Stored records:
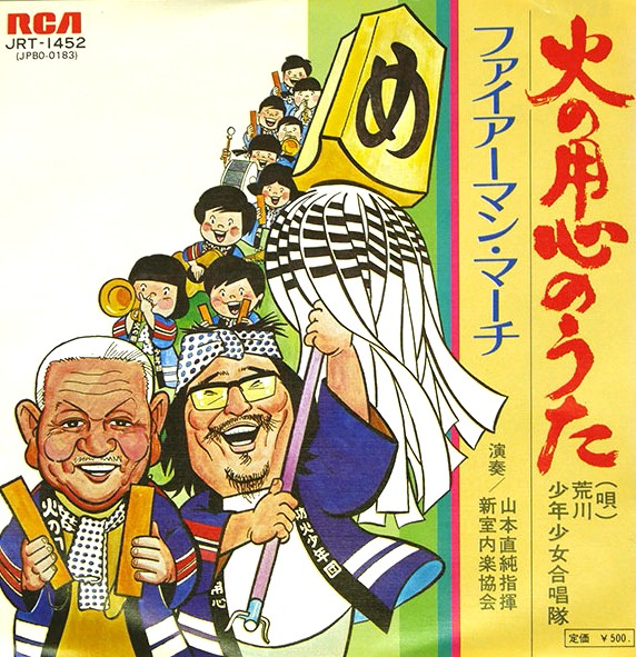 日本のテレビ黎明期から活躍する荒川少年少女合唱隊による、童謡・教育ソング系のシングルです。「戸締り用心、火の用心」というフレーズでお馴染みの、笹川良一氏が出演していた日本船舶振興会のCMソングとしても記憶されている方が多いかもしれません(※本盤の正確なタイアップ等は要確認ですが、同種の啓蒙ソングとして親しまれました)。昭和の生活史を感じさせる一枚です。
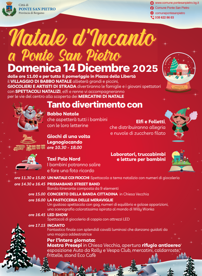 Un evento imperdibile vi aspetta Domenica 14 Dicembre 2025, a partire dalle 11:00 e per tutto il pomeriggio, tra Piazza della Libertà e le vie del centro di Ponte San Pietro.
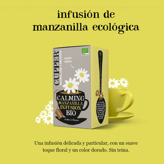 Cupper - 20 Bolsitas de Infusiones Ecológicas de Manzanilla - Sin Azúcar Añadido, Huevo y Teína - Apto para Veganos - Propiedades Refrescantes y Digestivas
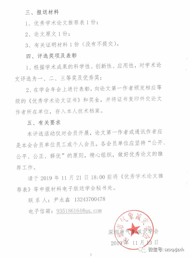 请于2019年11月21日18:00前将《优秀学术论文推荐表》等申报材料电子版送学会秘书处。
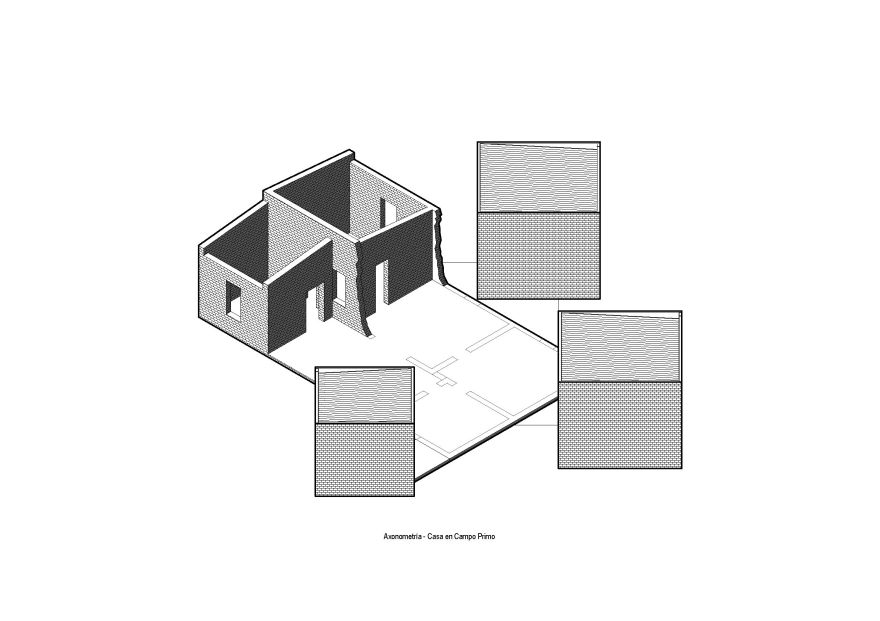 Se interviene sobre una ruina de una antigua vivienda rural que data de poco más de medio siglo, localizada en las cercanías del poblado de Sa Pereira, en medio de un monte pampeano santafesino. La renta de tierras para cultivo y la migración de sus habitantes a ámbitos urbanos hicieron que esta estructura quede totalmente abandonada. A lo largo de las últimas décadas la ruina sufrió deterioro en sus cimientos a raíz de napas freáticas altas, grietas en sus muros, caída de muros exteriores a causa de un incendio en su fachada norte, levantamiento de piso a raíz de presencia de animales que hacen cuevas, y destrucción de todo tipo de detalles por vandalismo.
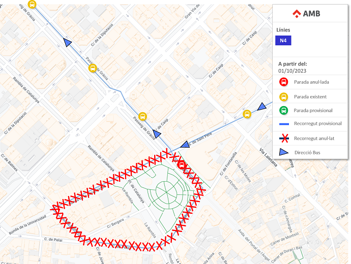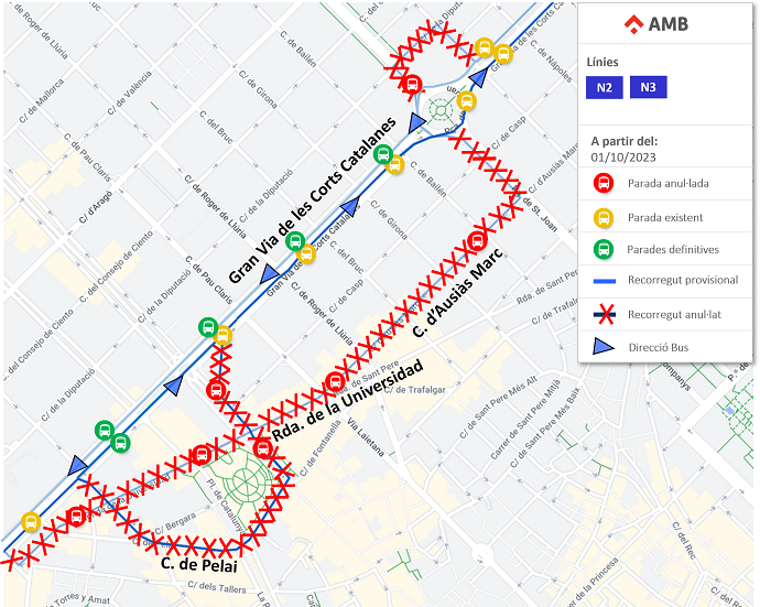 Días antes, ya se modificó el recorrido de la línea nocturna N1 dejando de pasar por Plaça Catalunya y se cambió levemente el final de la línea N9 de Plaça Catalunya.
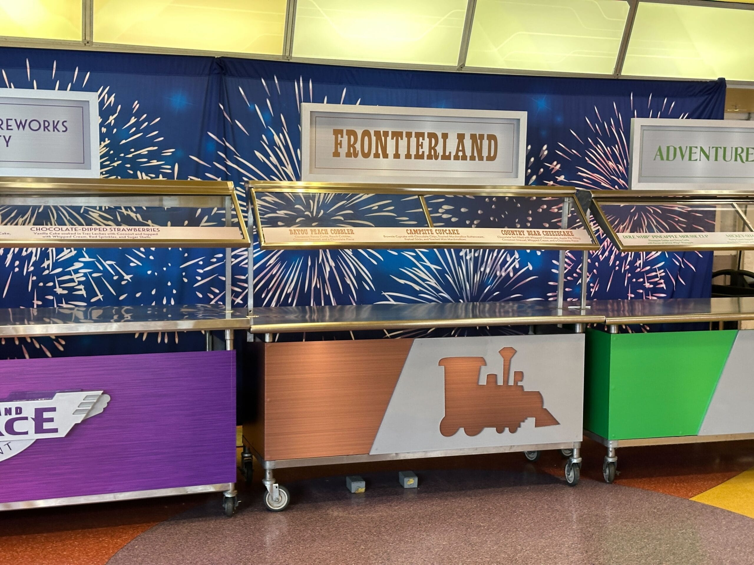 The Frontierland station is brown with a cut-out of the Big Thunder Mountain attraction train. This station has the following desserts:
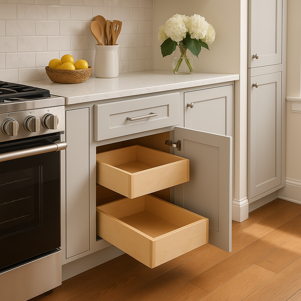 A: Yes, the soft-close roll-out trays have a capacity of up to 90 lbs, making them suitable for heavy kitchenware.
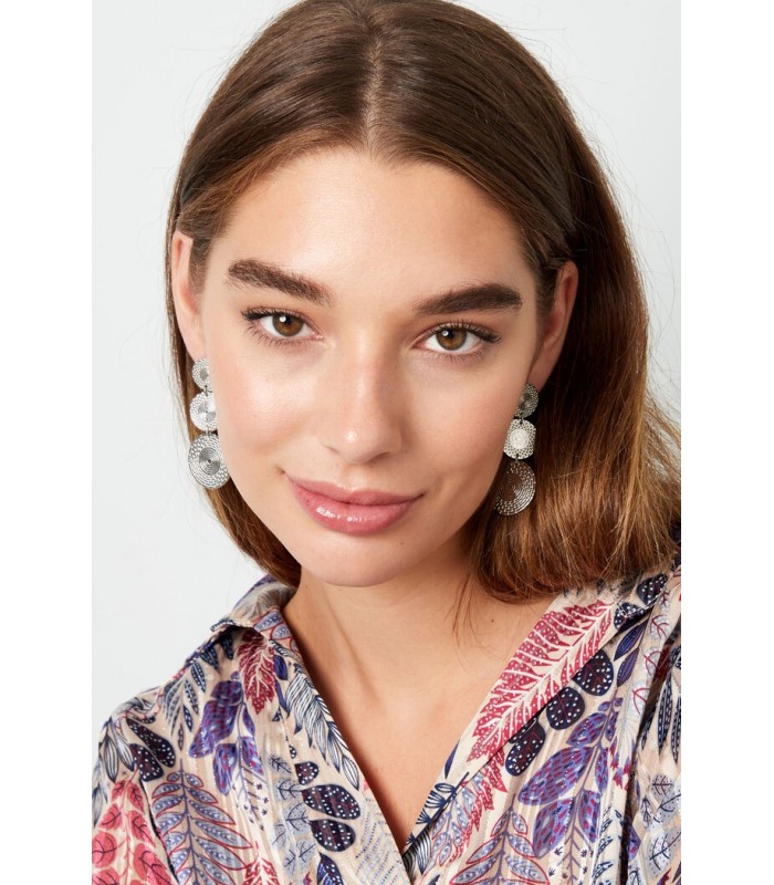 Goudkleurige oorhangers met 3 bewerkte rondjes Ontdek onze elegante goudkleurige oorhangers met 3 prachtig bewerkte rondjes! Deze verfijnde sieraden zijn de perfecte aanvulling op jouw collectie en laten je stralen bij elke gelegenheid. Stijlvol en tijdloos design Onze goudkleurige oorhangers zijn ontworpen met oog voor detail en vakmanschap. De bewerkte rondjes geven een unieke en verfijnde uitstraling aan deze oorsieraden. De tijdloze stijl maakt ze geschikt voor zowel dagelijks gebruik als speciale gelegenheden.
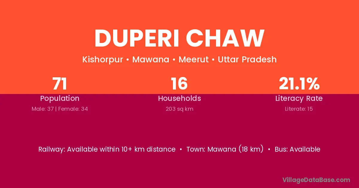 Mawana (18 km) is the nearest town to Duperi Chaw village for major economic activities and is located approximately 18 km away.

_To do:_ Write out again exactly the lines above from the one with "请于2019年11月21日1" through the one with "A: Yes, the", adding no other lines and no pictures.

_Solution to the problem:_
 请于2019年11月21日18:00前将《优秀学术论文推荐表》等申报材料电子版送学会秘书处。
 Se interviene sobre una ruina de una antigua vivienda rural que data de poco más de medio siglo, localizada en las cercanías del poblado de Sa Pereira, en medio de un monte pampeano santafesino. La renta de tierras para cultivo y la migración de sus habitantes a ámbitos urbanos hicieron que esta estructura quede totalmente abandonada. A lo largo de las últimas décadas la ruina sufrió deterioro en sus cimientos a raíz de napas freáticas altas, grietas en sus muros, caída de muros exteriores a causa de un incendio en su fachada norte, levantamiento de piso a raíz de presencia de animales que hacen cuevas, y destrucción de todo tipo de detalles por vandalismo.
 Días antes, ya se modificó el recorrido de la línea nocturna N1 dejando de pasar por Plaça Catalunya y se cambió levemente el final de la línea N9 de Plaça Catalunya.
 The Frontierland station is brown with a cut-out of the Big Thunder Mountain attraction train. This station has the following desserts:
 A: Yes, the soft-close roll-out trays have a capacity of up to 90 lbs, making them suitable for heavy kitchenware.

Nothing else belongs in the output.